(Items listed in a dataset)
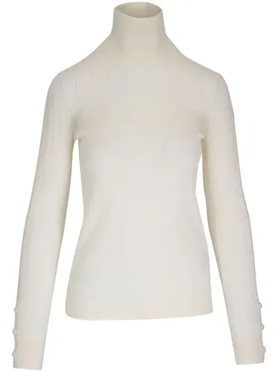ivory white virgin wool-cashmere blend ribbed knit roll neck long sleeves buttoned cuffs straight hem
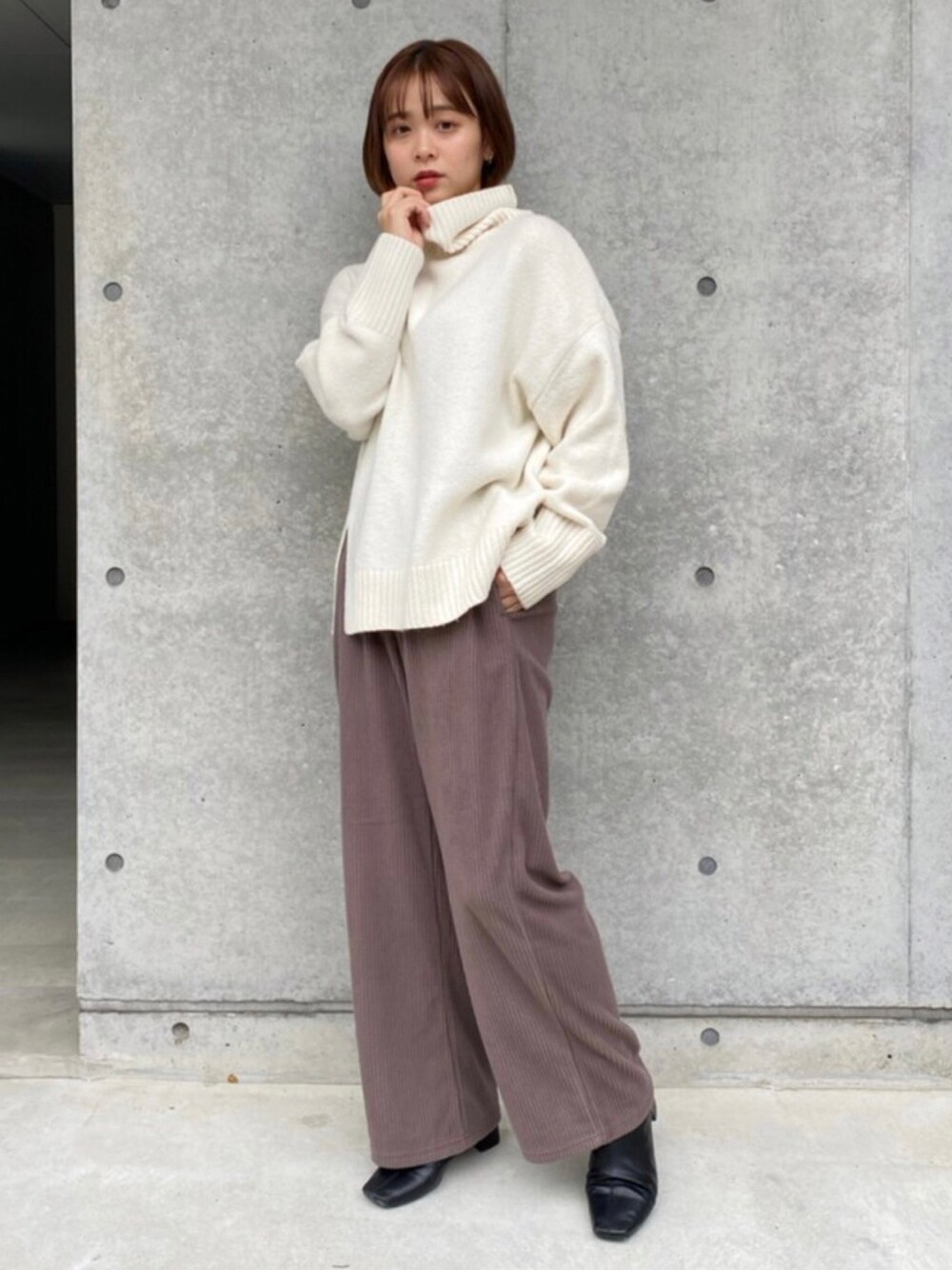 チクチクしない肌触りの良い白ニットと 軽くて温かいくすみブラウンのパンツ どちらも秋冬に活躍してくれそうです😊🤍
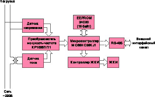 Реализация цифрового счётчика электрической энергии (рис. 2) требует специализированных ИС, способных производить перемножение сигналов и предоставлять полученную величину в удобной для микроконтроллера форме. Например, преобразователь активной мощности — в частоту следования импульсов. Общее количество пришедших импульсов, подсчитываемое микроконтроллером, прямо пропорционально потребляемой электроэнергии.
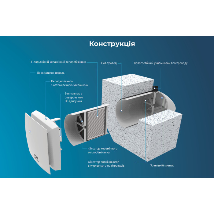 Рекуператор Cooper&Hunter Easy Vent CH-HRV070K-WF з продуктивністю 70 м³/год створює контрольований повітрообмін з рекуперацією тепла до 92%. Керамічний теплообмінник зберігає енергію взимку та охолодження влітку, а два режими (рекуперація та вентиляція) адаптуються до потреб. Wi-Fi керування через додаток дозволяє віддалено регулювати роботу. Установка в стіну товщиною 230–420 мм полегшує монтаж. Цей пристрій оптимізує мікроклімат для квартир та офісів.
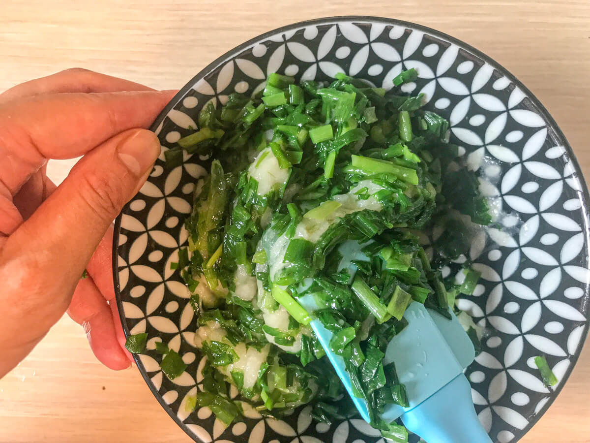 温めたお餅をお皿に移し、刻んだニラを加えたら、ヘラでまんべんなく混ぜ合わせます。
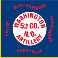 Washington Artillery Battalion was organized in 1838 and fought in the Mexican War. It then was known as the “Native American” Battery. Reorganized in 1852 as the Washington Artillery, it was mustered into Confederate service on May 26, 1861, with five companies. The 1st, 2nd, 3rd, and 4th Companies fought at First Manassas and in the difficult campaigns of the Army of Northern Virginia from Seven Pines to Gettysburg. They were involved at Drewry’s Bluff and Cold Harbor, then in the Petersburg siege south and north of the James River and the Appomattox Campaign. The battalion lost 4 killed and 26 wounded during the Maryland Campaign, had 3 killed and 22 wounded at Fredericksburg, and of the 329 engaged at Gettysburg, eighteen percent were disabled. On April 9, 1865, only 3 officers and 22 men were present. The 5th Company fought at Shiloh, was active in the Kentucky Campaign and the Battle of Murfreesboro, then moved to Mississippi. Later it participated in the campaigns of the Army of Tennessee from Chickamauga to Nashville and 1865 shared in the defense of Mobile. The company lost 1 killed and 4 wounded at Murfreesboro, had 5 officers and 132 men fit for duty in January 1863, and reported 10 killed and 20 wounded at Chickamauga. It totalled 118 men in December 1863, and 116 in April 1864. Most of the unit was captured when Mobile fell, but a small number surrendered at West Point, Georgia, in mid-April, 1865.
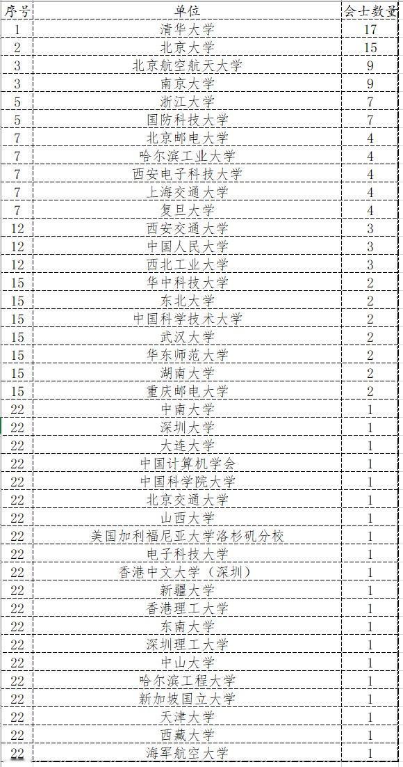高校计算机专业师资力量如何?看一看中国计算机学会(CCF)会士数量就知道了。 近日,中国计算机学会更新了2025年会士名单,5名院士晋升为CCF会士(具体名单见图一)。CCF会士是一种荣誉,经至少3名CCF杰出会员或会士(其中会士不少于两人)推荐、经会士评选委员会审核通过后方可成为CCF会士。 CCF会士自2008年首评以来,至今已拥有199名会士。这些会士大部分来自高校(大部分来自国内院校,也有少部分国外高校),也有部分来自研究所和企业。想成为会士,必须在计算机及相关领域有重大发明创造及有重要贡献、或对计算机学会发展有重要贡献。所以,一所院校会士的多少,直接体现出这所院校在本领域内的师资力量。 在CCF数量排名上,至现在为止,清华、北大断崖式领先,北京航空航天大学、南京大学和浙江大学、国防科技大学也有不俗的表现。
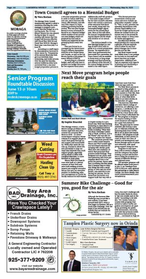 The Challenge begins June 1 and runs through Aug. 31. There are three specific dates in Moraga when additional prizes for pedaling cyclists are offered. On June 14, between 11 a.m. and 1 p.m., bike to the Moraga Commons Park for a free ice cream gift card. On June 28, between 2 and 4 p.m., at the Hacienda de Las Flores, earn a free Starbucks gift card, and on July 12, between 2 and 4 p.m., at the Moraga Library earn another free Starbucks gift card. Just look for the "511CC" table.
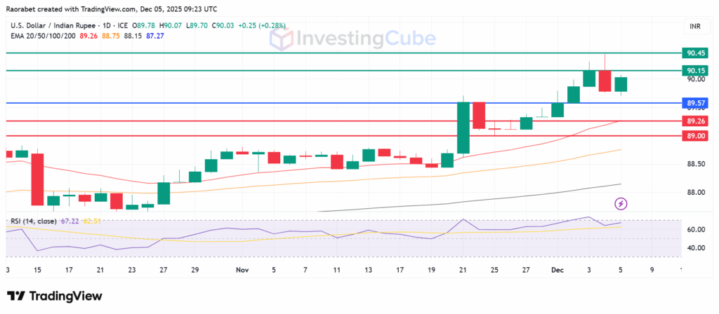 USD/INR trading pair on December 5, 2025, with key support and resistance levels. Created on: TradingView
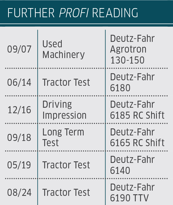 Are there any ‘watch out for this’ points with the TTV? If there are we have not had any brought to our attention. The consensus is these CVTs are hard to ‘abuse’ and, as long as service intervals of 1,000 hours have been strictly adhered to, should not be a concern even of a tractor showing 5,000hours plus. It is best to talk through any concerns you may have with a Deutz-Fahr dealer.

- **Work order**:
Write out, word for word, the lines from the first line of the entries through the one containing "チクチクしない肌触りの良い白ニットと 軽くて温かいくすみブラウンのパンツ どちらも秋冬に活躍してくれそうです😊🤍", both included. Leave out the pictures.

- **Result of this task**:
ivory white virgin wool-cashmere blend ribbed knit roll neck long sleeves buttoned cuffs straight hem
 チクチクしない肌触りの良い白ニットと 軽くて温かいくすみブラウンのパンツ どちらも秋冬に活躍してくれそうです😊🤍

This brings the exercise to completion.